Closed
Bug 509960
Opened 15 years ago
Closed 15 years ago
Occasional link failures on win32 (LINK : fatal error LNK1104: cannot open file '<something>.lib') (usually jsctypes-test.lib)
Categories
(Release Engineering :: General, defect, P3)
Tracking
(Not tracked)
RESOLVED
WORKSFORME
People
(Reporter: jrmuizel, Unassigned)
References
Details
(Keywords: intermittent-failure, Whiteboard: [buildduty])
We seem to be getting occasional link failures on the windows builds that look like:
LINK : fatal error LNK1104: cannot open file 'AccessibleMarshal.lib'
http://tinderbox.mozilla.org/showlog.cgi?log=Firefox/1250066647.1250070149.28096.gz
or
LINK : fatal error LNK1104: cannot open file 'npwinless.lib'
http://tinderbox.mozilla.org/showlog.cgi?log=Firefox/1250067338.1250069723.23446.gz
Comment 1•15 years ago
|
||
LINK : fatal error LNK1104: cannot open file 'IA2Marshal.lib'
make[7]: *** [IA2Marshal.dll] Error 80
http://tinderbox.mozilla.org/showlog.cgi?log=Firefox/1252076099.1252077304.8565.gz&fulltext=1
Comment 2•15 years ago
|
||
This may be a race condition where the library doesn't yet exist when the link command is called.

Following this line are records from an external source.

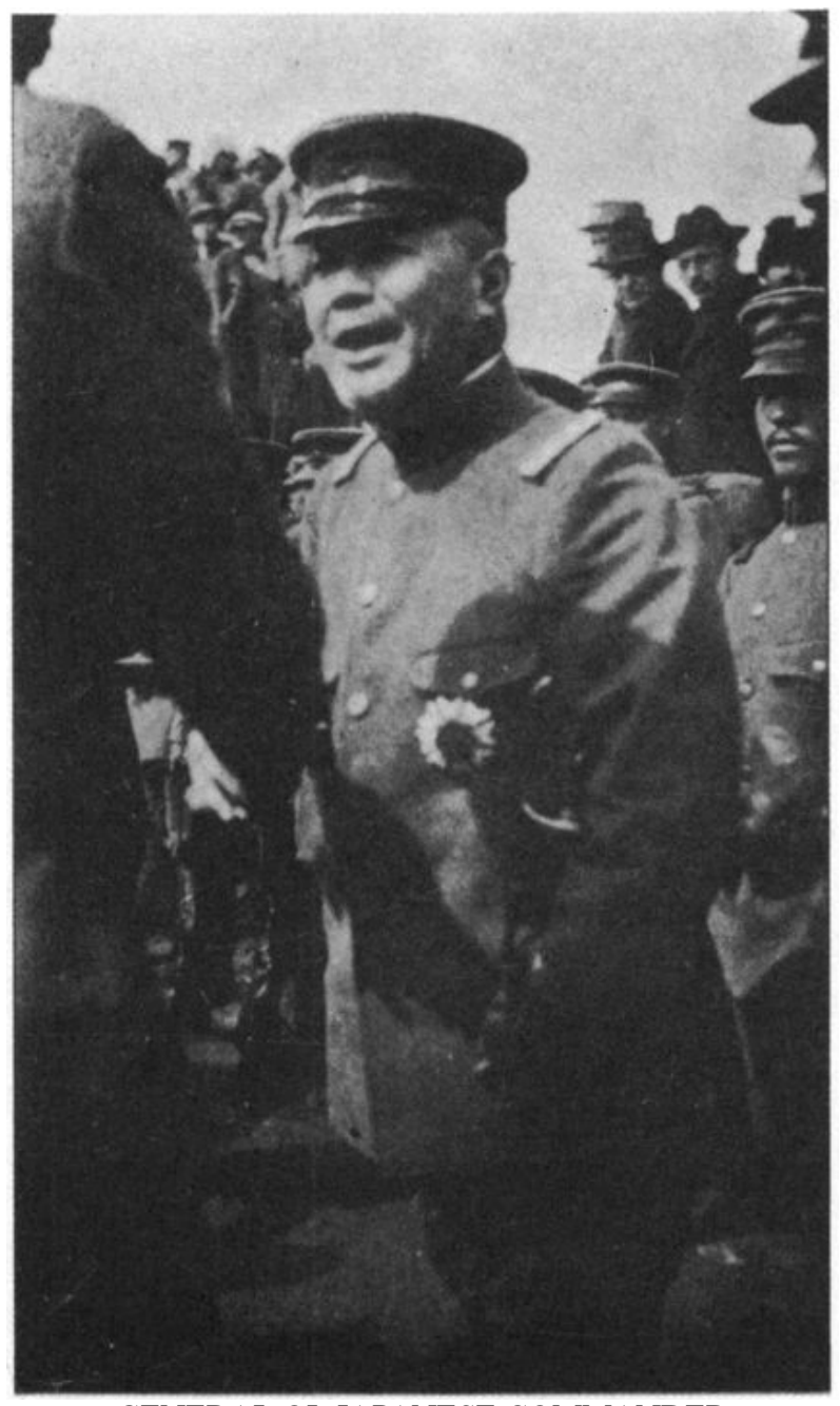
GENERAL OI, JAPANESE COMMANDER

I feel that this statement of my experiences in Siberia would be incomplete without mentioning the American organizations, and individuals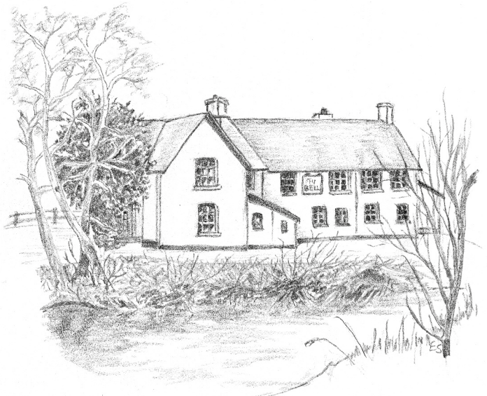
from the bell at skenfrith

Distance: 6 miles (9.5kms) Allow 3 hours With two climbs of 180ft (55m)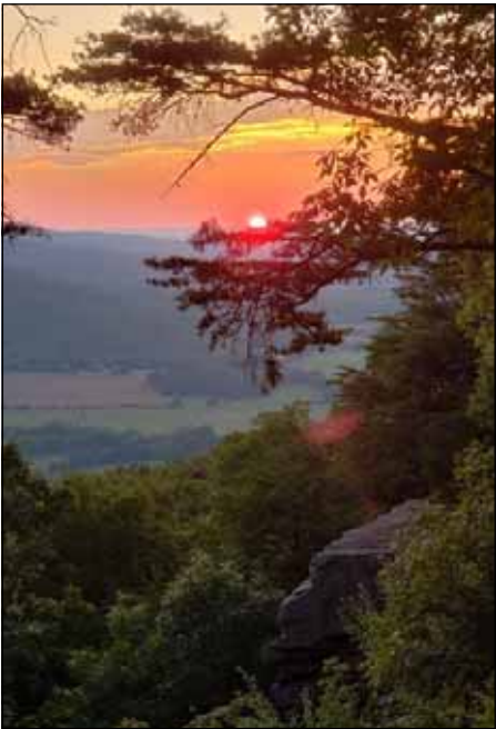
CABIN WITH BLUFF VIEW - MLS 2053333 - 160 Vanderbilt Ln., Sewanee. $394,000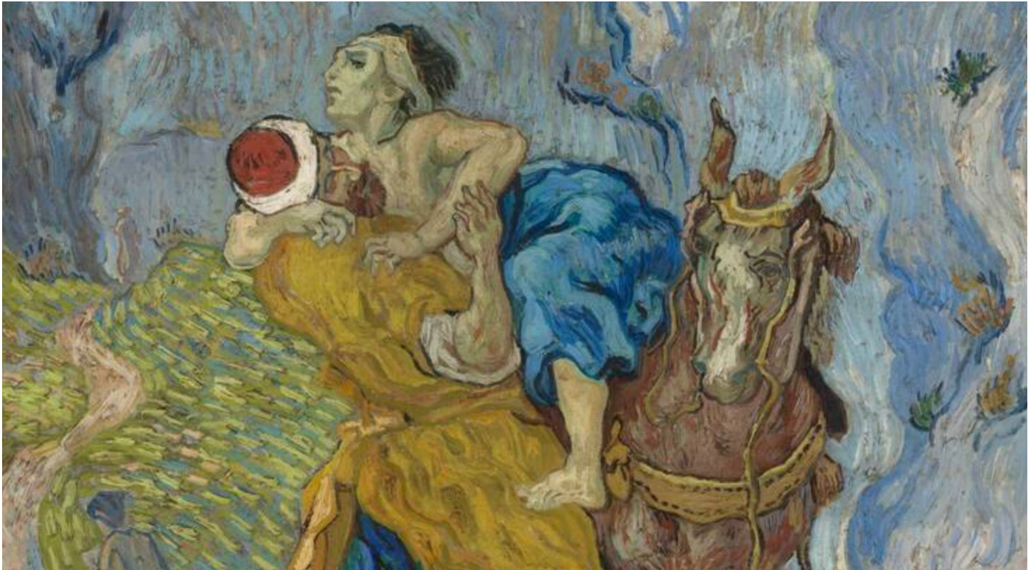
"The Good Samaritan (after Delacroix)," Vincent van Gogh, 1890-05, Kröller-Müller Museum, Otterlo, The Netherlands

July 13, 2025 | Fifteenth Sunday in Ordinary Time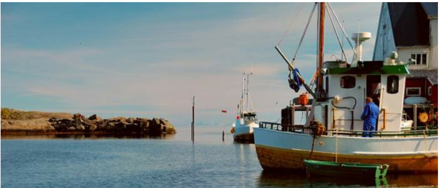
Fisheries are bound to have some impact on ecosystems, and it is essential to find a good balance between conservation and harvesting.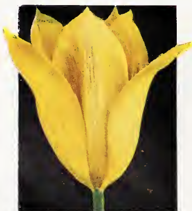
MRS. MOON (Cottage)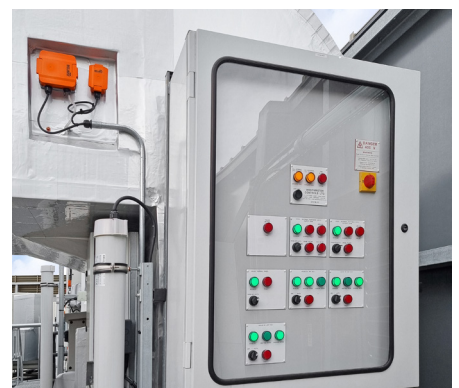
Easy installation and maintenance combined with precise measurement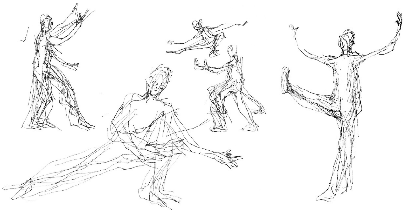
Figure 1. How to capture visually the sense of the continuous, flowing movement of the “internal discipline” of taiji? Image by Marja Rastas.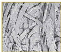
Paper Tape 250x magnification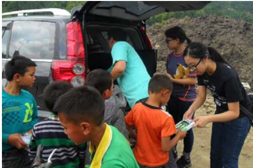
Figure 3 Distributing small gifts to children in Dabao

future reference after the trip. There are quite a number of design changes observed, we learn that it is very hard to strictly follow everything in the design, sometimes it is necessary to make slight modifications to suit the current situation. In the evening, we conducted a casual debriefing session. We tidied up our findings and observations, studied the drawings and shared our feelings to the Dabao project. It was a fruitful conversation as we have an in depth reflection towards the work on that day.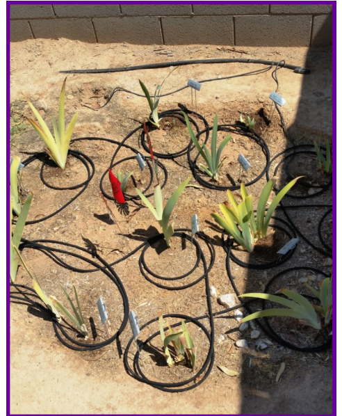
Photo 3: Irises showing typical summer stress with browning on the tips of the leaves, which occasionally brown all the way down. Their heat stress is exacerbated by proximity to the block wall, which likely causes the yellowing. Thanks to Madeleine for suggesting the dripline soaker hoses!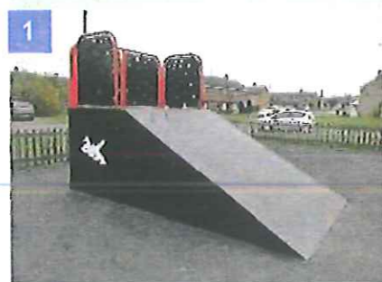
Caloo Handrail Box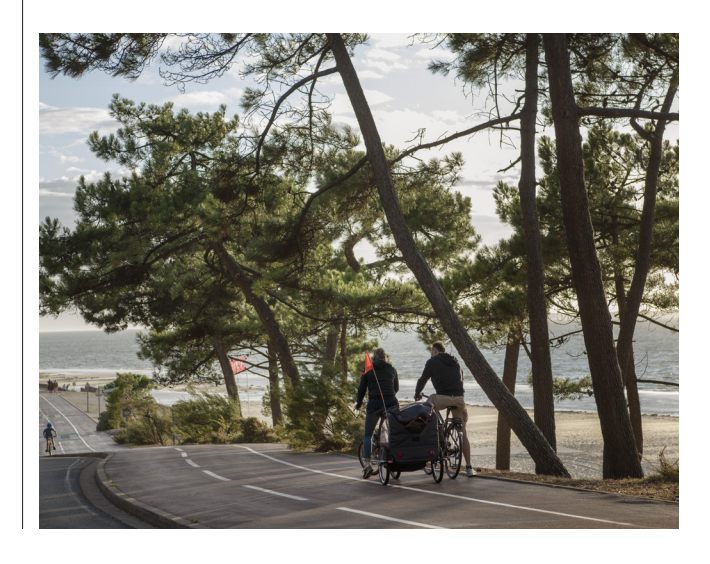
Left: Bicycle paths along Boulevard de la Mer in Arcachon. Above: The exterior of La Co(o)rniche.

Less accessible, Cap Ferret was a comparative late bloomer, initially attracting only fishermen and hunters, who built bare-bones cabins. In 1908, France auctioned off land at the peninsula's tip; called Les 44 Hectares, it's now some of the priciest real estate in France. The first Americans—soldiers—arrived in 1918, setting up a base on what's now called the Beach of the Americans. Development and tourism followed in the '60s, making Cap Ferret "very fashionable today with all these wealthy people," grumbled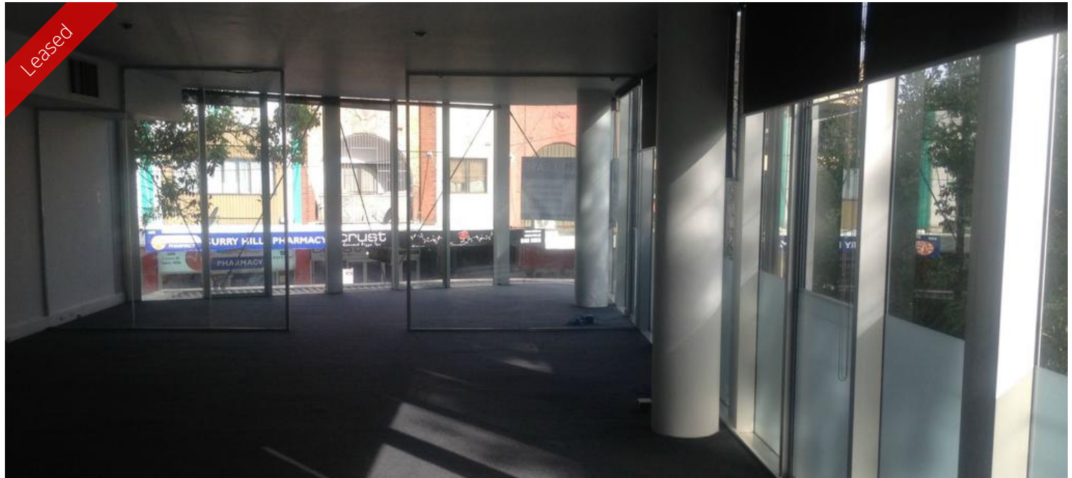
Suite 3, 535 Crown Street, Surry Hills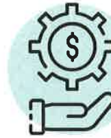
financial assistance for paying bills*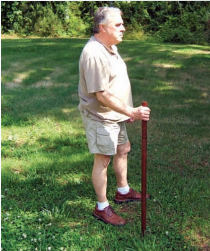
Ready for a peaceful stroll among the wonders of nature...

like and gain terrific momentum as it is raised upward. In the offensive mode, the blade will be moving quite rapidly and the weight of the sword and the hand that wields it will accelerate the speed of attack. And, of course, with the sword concealed inside a stick, quickly raising one's stick and partially separating the blade from the scabbard affords a razor-sharp implement with which to block ordinary blows.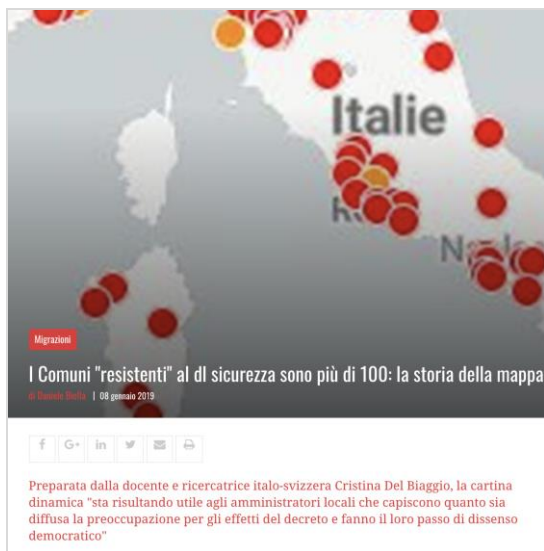
Figure 3. Telling the story of the map.

Local resistance to Salvini's legislative decree, 100 and counting. In a few days more than one hundred Italian Municipalities advanced clear actions against the application of the legislative decree on immigration and security which was enacted by the Italian Government in the Fall of 2018 and is raising serious concerns for its impact on the rights of migrant people. From Palermo to Florence, just to mention the municipalities of the major cities, to small villages all along the Boot, "every municipality is acting by itself but feels stronger because it is not alone", Cristina Del Biaggio explains. She is an Italian-Swiss university researcher and professor working at the Institute of Urbanism and Alpine Geography of the University of Grenoble. Last Saturday, she made a dynamic map of the municipalities opposing resistance to the decree primarily advocated by the Minister Matteo Salvini. A map which, as the hours pass, became filled with red points and now makes visible the growing dissent of Italian mayors of different political colours.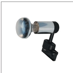
Lampa spot 100W EUR 12.00 Cod 019.010.188.000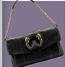
BELGIAN LEOPARD COLLECTION WALKER BAG IN ANTHRACITE MATE PITCHER SKIN $4750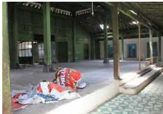
Fig. 5: Dalem Ageng Suryohamijayan is sacred space (Figure 4 zone A 1). It's is used for offerings and rituals.

Figure 6 shows that Gandhok Kiwo for feminine crafts activities, arts exercise, and daily activities, currently used to stay courtiers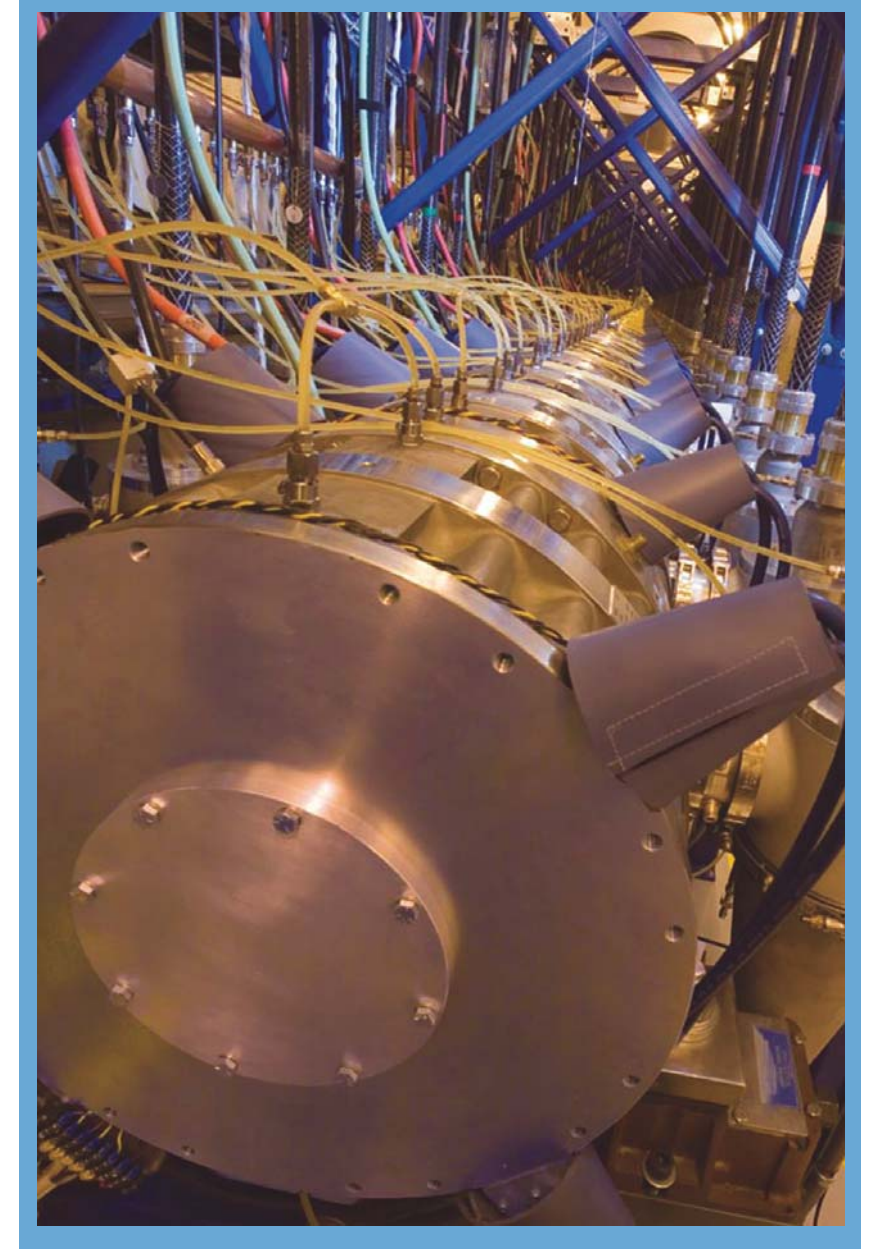
DARHT CELLS: The 3-foot-diameter induction cells of DARHT's first axis.

"Initial indications show excellent data return," said the hydrodynamic

Are the dependencies set correctly? Can you test this with try server and a mozconfig that has -j1 instead of -j4. This changeset looks like it may correct the first link failure
http://hg.mozilla.org/mozilla-central/rev/cccf8041fc0b
Comment 3•15 years ago
|
||
I don't think this belongs in releng; where should we move this bug?
Comment 4•15 years ago
|
||
(In reply to comment #2)
> This may be a race condition where the library doesn't yet exist when the link
> command is called. Are the dependencies set correctly? Can you test this with
> try server and a mozconfig that has -j1 instead of -j4. This changeset looks
> like it may correct the first link failure
>
> http://hg.mozilla.org/mozilla-central/rev/cccf8041fc0b
That changeset is completely unrelated, FWIW. (It's just a packaging manifest change.)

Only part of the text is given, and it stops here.